Fiscal Reform Measures Underway
To counter rising debt pressure, the government has introduced several initiatives:
- UAE Federal Debt Law: Enacted in 2022, this created a consolidated framework for bond issuance and public borrowing.
- Corporate Tax Implementation: A 9% corporate tax took effect in June 2023, aimed at boosting non-oil revenues.
- Public-Private Partnerships (PPPs): Increasing reliance on PPP models to reduce direct government spending on infrastructure.
Officials argue that these reforms will strengthen debt sustainability, with a goal to keep the national debt-to-GDP ratio under 40% through 2030.
Public Sentiment: Cautious but Supportive
A 2025 survey by Gulf Polling Insights found that 67% of UAE residents are aware of the debt clock, and 52% support continued government borrowing, provided it funds healthcare, infrastructure, and green innovation.

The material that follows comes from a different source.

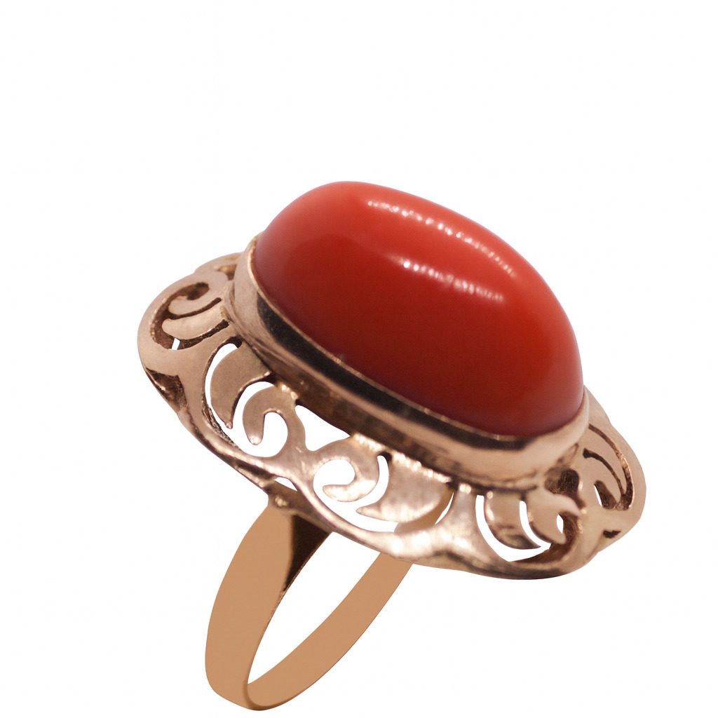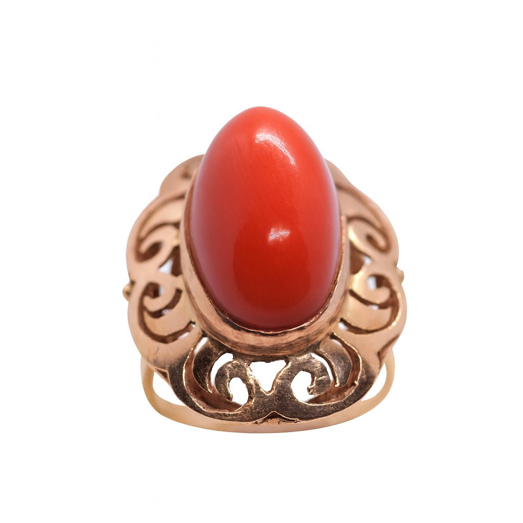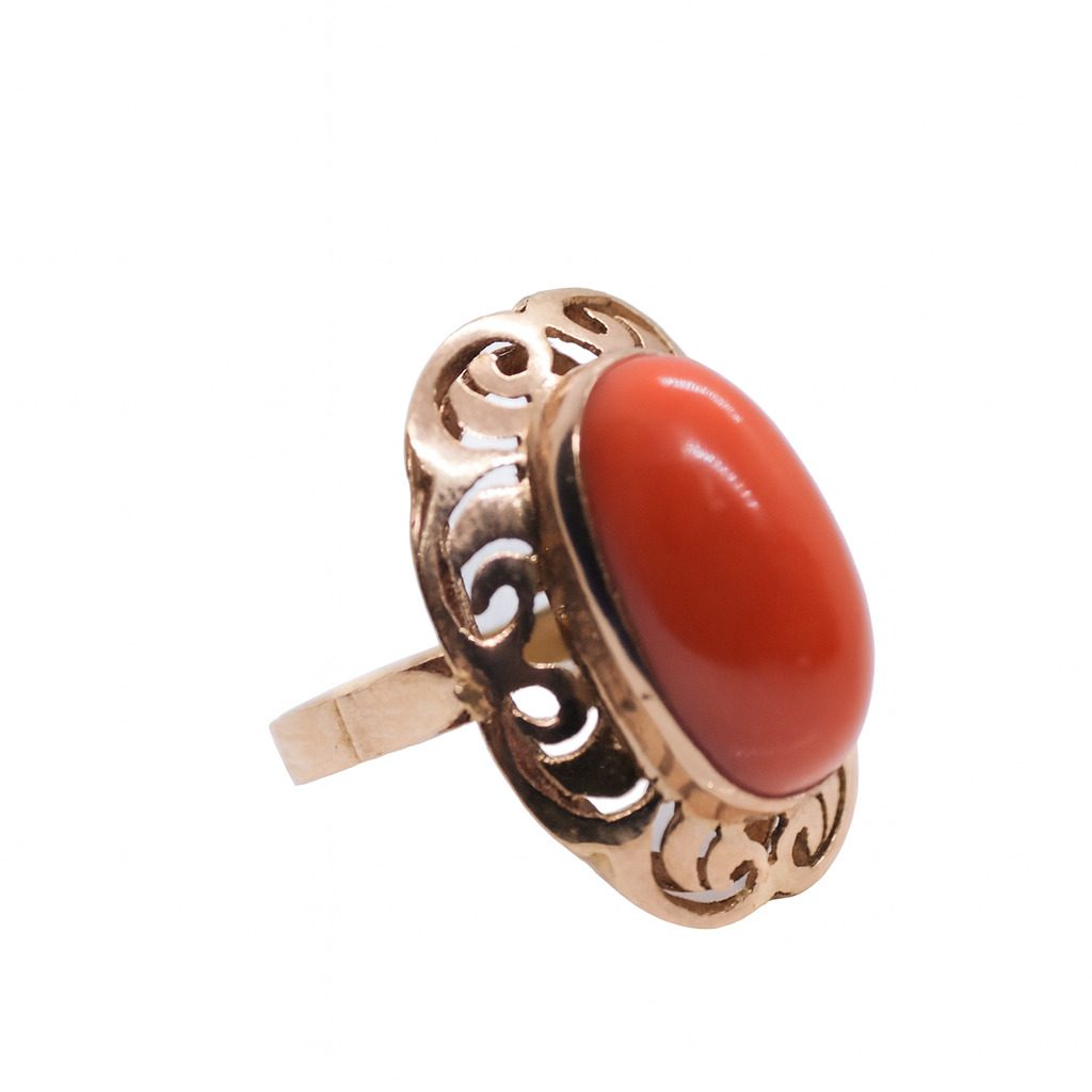Złoty pierścionek z różowego złota próby 750, ozdobiony naturalnym koralem w intensywnym czerwonym odcieniu. Elegancki, klasyczny wzór z ażurowymi zdobieniami.

However, 31% expressed concern over rising national debt, citing fears of future taxation or subsidy cuts.
The Road Ahead: Manageable or mounting?
The central question now: Is the UAE’s public debt sustainable in the long run?
The answer hinges on four key factors:
- Oil Price Trends – Sustained low oil prices could widen the fiscal deficit.
- Global Interest Rates – Higher rates make borrowing costlier and repayment tougher.
- Geopolitical Stability – Regional tensions could impact investor appetite.
- Execution of Reform Plans – Will corporate tax and diversification truly offset debt pressures?
While the UAE public debt clock remains a symbol of transparency, it’s also becoming a barometer of financial stress. If the current debt trajectory continues without a corresponding surge in non-oil revenues, the nation could face increasing fiscal headwinds.

Time to Watch the Clock Closely
As the UAE enters the second half of 2025, the focus is shifting from debt numbers to debt strategy. The government’s ability to balance investment with fiscal prudence will define the next decade of growth.
For now, the UAE public debt clock remains a digital warning—quiet, constant, and counting.